Database design includes a lot of concepts, and it all starts from understanding the business. If you’ve done a good job, you can usually tell a lot about the business from the schema alone — without data, and without application code or a user interface. This article is about data types, which are the “nouns” of your business, loosely speaking (the analogy is borrowed from C.J. Date’s An Introduction to Database Systems).
The first observation I’d like to make is that, when considering a relational database, we care about sets of things. If you have an attribute that holds “notes”, there’s not much you can do with a set of such values. I’m not saying that notes are unimportant, or that such fields should be avoided; but you should recognize the limitations of such attributes. All you can do is store text that a user wrote, or present a user with a specifically-requested note. The user then must actually read the note to learn anything — there’s nothing automatic about it (a database doesn’t help much with manual processes).
In the above example, the data type doesn’t matter much at all. It really makes no logical difference if you store it as text or as a PNG image of the rendered text (there may be a difference in convenience and performace, as with all format choices, but that’s beside the point). If the noun you are working with is “note”, the database system can’t help you any more if the attribute is “text” than it can if the attribute is of type “bytea” holding an image of the rendered text.
Astute readers will now be thinking: “but what about full-text search?”. Exactly. PostgreSQL has an excellent full-text search system, and powerful data types like “tsvector” and “tsquery”. But these aren’t just better data types that magically work, these represent a change in nouns that the business understands. A search engine doesn’t index a bunch of text fields, it indexes documents. You don’t submit text to the search engine, you submit a query. A document isn’t just a string of characters, it is a set of word stems with positional and weighting information. The business knows these things, and these nouns are spoken in conference rooms by executives and to customers by sales people.
I’m drawing a direct connection between the business and the data types because I sometimes think that data types are treated as an implementation detail. Let’s say you store the notes as the “text” type and are treating it as such. When you go to implement search, the natural thing to do would be something like: ...WHERE note LIKE '%foo%' OR note like '%bar%' OR ..., which is absolutely the wrong approach. The right approach is using a real query against a real document type, not trying to match substrings.
Treating the data types as an implementation detail is also related to the idea of only using primitive types, as though SQL were java with no class library. Primitive data types lead to awkward application code trying to answer questions that the database system should be able to answer. The philosophy of primitive data types is reflected in the SQL standard, which defines few types and does not seem to encourage sophisticated types like other languages do (of course, the SQL standard breaks away from the primitive data types because some types are just too important). For some reason database people have a negative reaction to any complex type, despite how many times they have proven to be important (for another great example, check out the geometry type in PostGIS, a sophisticated GIS system built entirely as a PostgreSQL plugin).
I believe a lot of this negative reaction is because of 1NF, which essentially describes what a relation is. The concern is that any type more complex than a string might be called a violation of 1NF, which I think is ridiculous. There is no useful definition of an atomic value (except maybe a boolean or bit or something): a string is a list (or array) of characters, that can be spliced, cut, and concatenated in many ways; an integer has a sign portion and a magnitude; and a timestamp is quite obviously non-atomic (and often treated as separate components). Additionally, normalization doesn’t have anything to do with data type choices; it only has to do with attributes and certain specific types of constraints (join dependencies, of which functional dependencies are a special case). So choosing a different data type carries no danger of violating a normal form. That being said, normalization is a small part of database design, and there are very legitimate reasons to be skeptical of strange data type choices.

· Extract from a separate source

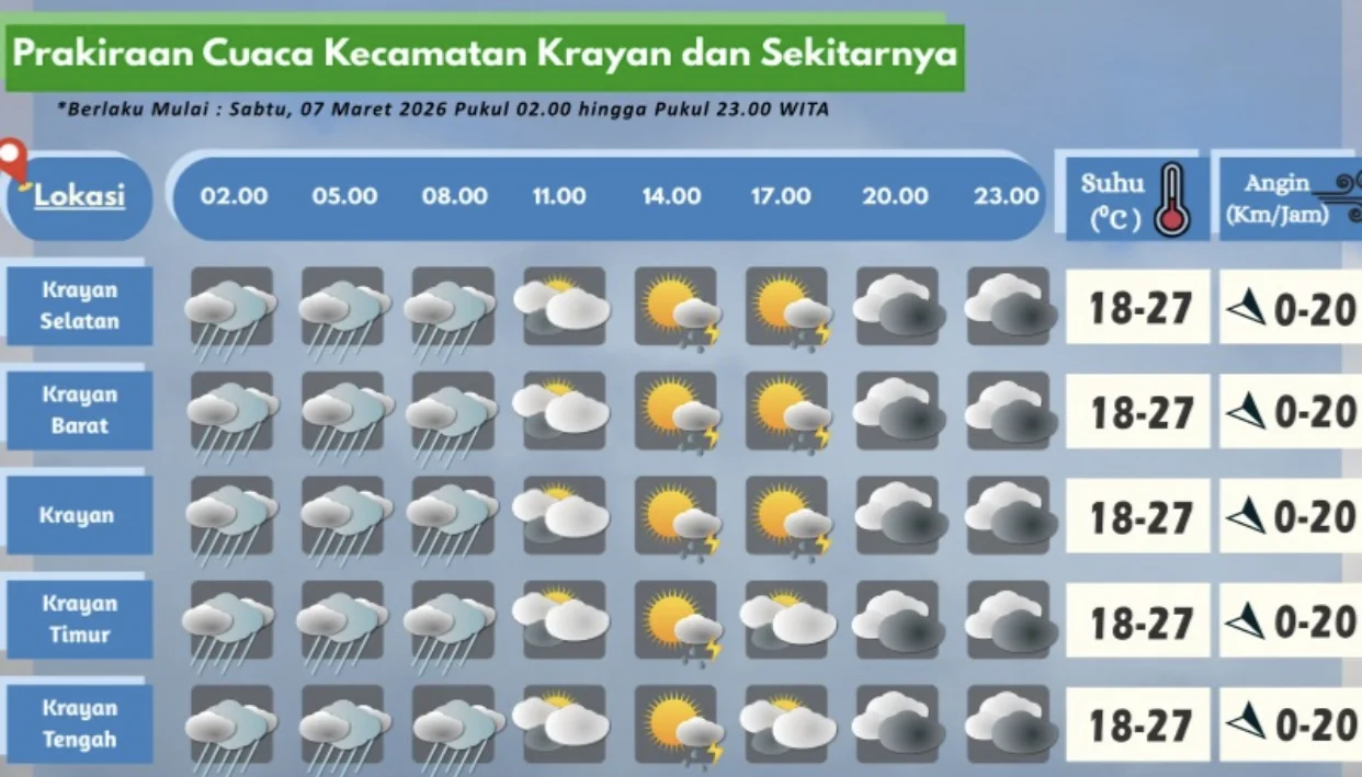 RRI.CO.ID, Nunukan: Badan Meteorologi, Klimatologi dan Geofisika Stamet Yuvai Semaring merilis prakiraan cuaca pada Sabtu (7/3/2026).
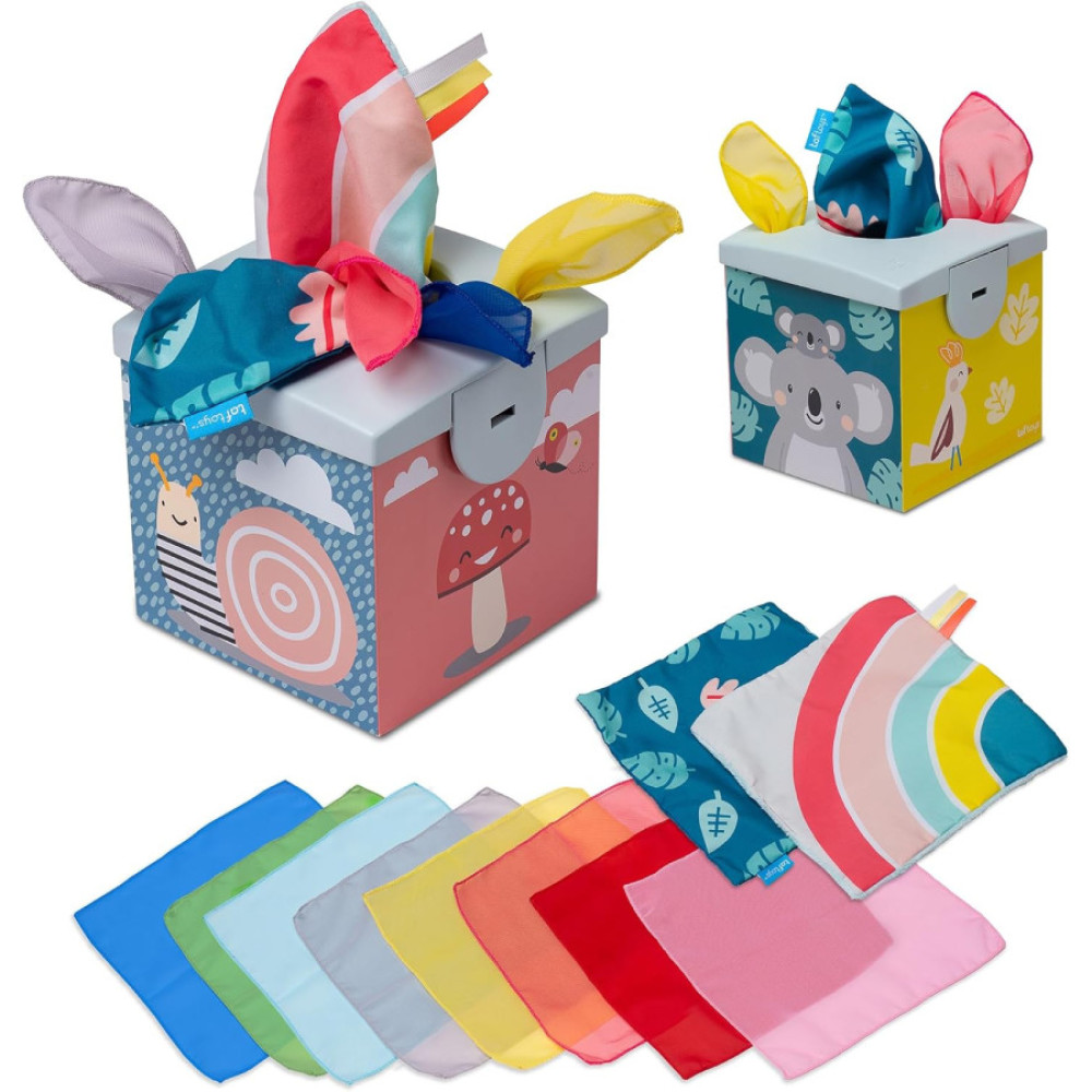 Varias actividades: extraer los pañuelos, y volver a colocarlos dentro de la caja. El agujero de la caja está especialmente concebido para adaptarse a las manos de los bebés. Promueve el juego sensorial con texturas y sonidos, y permite el reconocimiento de los colores

I’m very pleased that PostgreSQL offers such a powerful type system. In many ways this is more challenging for a database system than an application language — for instance, PostgreSQL offers a variety of index access methods, execution plans, and statistics that all depend on understanding your data types and how to operate on them. In PostgreSQL, a user-defined data type is truly first-class, meaning that you can make use of all of this infrastructure in creative ways. However, creating a good data type is not a trivial process, so it’s best to approach it as a real project by itself.
I started the Temporal PostgreSQL project quite a while ago to offer a “period” data type (a time interval with an absolute beginning and end), because I think that is an important noun that is underserved by database systems. More on this later.